Aber so laufen Diskussionen heute immer ab. Sobald es um eigene Interessen geht, gibt’s nur noch Schwarz und Weiß. Wenn sich die Jungen an den Boomern abarbeiten, vergessen sie grundsätzlich, dass ihr komfortables Leben mit so vielen Annehmlichkeiten in diesem leider auf abschüssigem Boden stehenden Land nicht existieren würde, wenn die vorhergehenden Generationen sich weniger angestrengt hätten und nicht aus purem Egoismus begeistert geholfen hätten, die lebensnotwendigen Grundlagen für Menschen auf diesem Planeten zu ignorieren.

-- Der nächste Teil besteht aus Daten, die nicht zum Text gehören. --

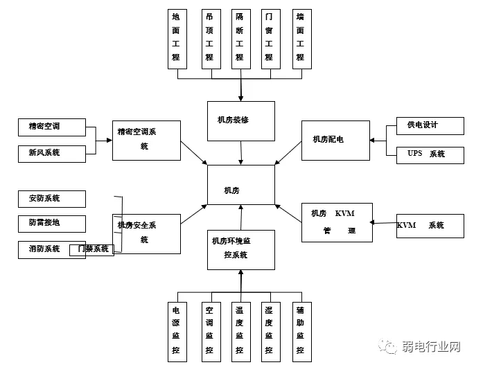 机房设计要求能够通过TCP/IP网络、RS232/RS485等媒介实现对中心机房、分散于不同地域的机房等场地内的动力环境设备进行有效的集中监控,监控对象范围为动力设备、专用精密空调、室内空气质量检测、低压配电柜、新风机、环境系统(温湿度检测、地面漏水检测报警、照明)、UPS等。

Dass so viele junge Leute heute noch bei ihren Eltern leben, weil es zu Hause so schön bequem ist, unterscheidet die Generation von den vorigen ebenfalls. In Italien leben deutlich mehr junge Erwachsene bis weit in die 20er oder sogar 30er hinein bei den Eltern als in Deutschland, vor allem wegen schlechterer Arbeitsmarktchancen, teurer und unsicherer Wohnverhältnisse sowie stärker ausgeprägter Familienorientierung. In Deutschland ziehen junge Leute im EU-Vergleich relativ früh aus, auch wenn ein merklicher Teil der 20- bis 25-Jährigen noch im Elternhaus lebt.

Perspektiven

Ums ganz deutlich zu sagen: Wenn sich die jungen Leute in dieser Vehemenz darüber beklagen, dass wir ihnen ihre Zukunftsperspektiven zu sehr eingeschränkt oder gar genommen hätten, würde ich diese glatte Unverschämtheit damit beantworten, dass sie in einer völlig anderen Ausgangsposition sein würden, wenn die Boomer genau die in diesen Zeiten als normal empfundenen komfortablen Lebensbedingungen nicht geschaffen hätten.

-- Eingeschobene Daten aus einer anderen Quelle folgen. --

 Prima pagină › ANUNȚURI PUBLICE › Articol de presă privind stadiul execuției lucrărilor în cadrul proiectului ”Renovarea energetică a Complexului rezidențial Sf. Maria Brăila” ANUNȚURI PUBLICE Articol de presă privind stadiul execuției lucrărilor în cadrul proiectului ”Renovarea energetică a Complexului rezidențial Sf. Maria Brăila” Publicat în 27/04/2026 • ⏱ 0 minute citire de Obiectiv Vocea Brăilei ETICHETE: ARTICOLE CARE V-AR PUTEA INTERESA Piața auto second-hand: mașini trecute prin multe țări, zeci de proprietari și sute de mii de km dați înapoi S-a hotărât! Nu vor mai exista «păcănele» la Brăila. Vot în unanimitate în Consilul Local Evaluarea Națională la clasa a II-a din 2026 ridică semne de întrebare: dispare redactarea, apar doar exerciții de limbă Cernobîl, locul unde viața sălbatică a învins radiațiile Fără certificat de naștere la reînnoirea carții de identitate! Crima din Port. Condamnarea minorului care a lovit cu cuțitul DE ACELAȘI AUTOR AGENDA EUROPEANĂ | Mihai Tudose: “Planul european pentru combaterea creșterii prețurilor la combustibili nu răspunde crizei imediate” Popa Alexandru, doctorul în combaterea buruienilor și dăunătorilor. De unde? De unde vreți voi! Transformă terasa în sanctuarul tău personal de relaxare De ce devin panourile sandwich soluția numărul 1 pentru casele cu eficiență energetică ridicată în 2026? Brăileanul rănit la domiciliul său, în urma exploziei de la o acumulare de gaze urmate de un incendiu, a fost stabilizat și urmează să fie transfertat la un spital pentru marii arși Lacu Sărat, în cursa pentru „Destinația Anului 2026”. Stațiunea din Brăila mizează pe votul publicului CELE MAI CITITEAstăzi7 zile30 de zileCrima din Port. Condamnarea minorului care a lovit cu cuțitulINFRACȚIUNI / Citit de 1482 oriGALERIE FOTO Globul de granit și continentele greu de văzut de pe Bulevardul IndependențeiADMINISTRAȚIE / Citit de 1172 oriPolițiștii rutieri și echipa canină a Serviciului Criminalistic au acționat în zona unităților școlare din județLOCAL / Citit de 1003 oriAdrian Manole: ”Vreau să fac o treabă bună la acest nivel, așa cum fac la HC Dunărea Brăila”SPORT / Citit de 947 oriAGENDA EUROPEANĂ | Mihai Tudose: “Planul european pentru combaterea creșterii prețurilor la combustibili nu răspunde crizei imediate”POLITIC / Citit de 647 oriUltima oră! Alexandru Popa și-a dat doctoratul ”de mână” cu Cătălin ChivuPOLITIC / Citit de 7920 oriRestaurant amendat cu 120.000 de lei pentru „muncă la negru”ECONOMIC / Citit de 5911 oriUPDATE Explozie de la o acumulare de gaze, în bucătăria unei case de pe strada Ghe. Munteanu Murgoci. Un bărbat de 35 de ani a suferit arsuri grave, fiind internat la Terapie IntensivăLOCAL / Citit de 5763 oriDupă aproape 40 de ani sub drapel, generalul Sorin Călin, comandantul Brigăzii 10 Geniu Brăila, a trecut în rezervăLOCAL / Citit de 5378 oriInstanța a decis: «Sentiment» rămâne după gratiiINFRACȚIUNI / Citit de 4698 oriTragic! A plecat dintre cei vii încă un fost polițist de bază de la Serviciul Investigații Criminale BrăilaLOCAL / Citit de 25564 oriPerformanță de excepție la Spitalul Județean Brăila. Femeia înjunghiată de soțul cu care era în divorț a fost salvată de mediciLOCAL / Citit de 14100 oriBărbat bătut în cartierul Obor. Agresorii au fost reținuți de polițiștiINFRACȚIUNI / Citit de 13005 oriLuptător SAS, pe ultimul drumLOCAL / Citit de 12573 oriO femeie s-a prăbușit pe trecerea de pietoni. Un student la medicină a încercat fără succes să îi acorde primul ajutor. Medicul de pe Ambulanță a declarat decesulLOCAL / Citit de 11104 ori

Meine Frau und ich sind keine Eltern. Somit tragen wir einen Teil der damit verbundenen Verantwortung für die demografische Lage unseres Landes. Darüber haben wir spät nachgedacht, zu spät. Die zivilisatorische Normalität besteht darin, dass ältere Generationen für die Zukunft ihrer Nachkommen das Beste zu erreichen versuchen. Dies infrage stellen zu lassen, ist zu viel verlangt.

Rentenversicherung

Für die Absicherung der gesetzlichen Rentenversicherung gibt es nur einige Stellschrauben. Von einigen habe ich hier geschrieben. Wir müssen es hinbekommen, dass die Menschen, die schon jetzt mit ihren Renten nicht über die Runden kommen, besser gestellt werden, und zwar zulasten derer, deren Renten auskömmlich sind. Das mag für manche schmerzhaft sein, weil sie zu Recht glauben, dass sie für ihre Rente schließlich ein langes Arbeitsleben geleistet haben. Allerdings werden es wohl, zunächst jedenfalls, kleinere finanzielle Einbußen für viele Rentner sein, die gesamtgesellschaftlich sehr wohl einen positiven Einfluss auf das Gesamtbild, die Stabilisierung der Kostenstruktur der Rente haben werden. Ob solche Schritte allerdings ausreichen, bleibt angesichts der Rutschpartie, auf der wir uns gerade befinden, abzuwarten.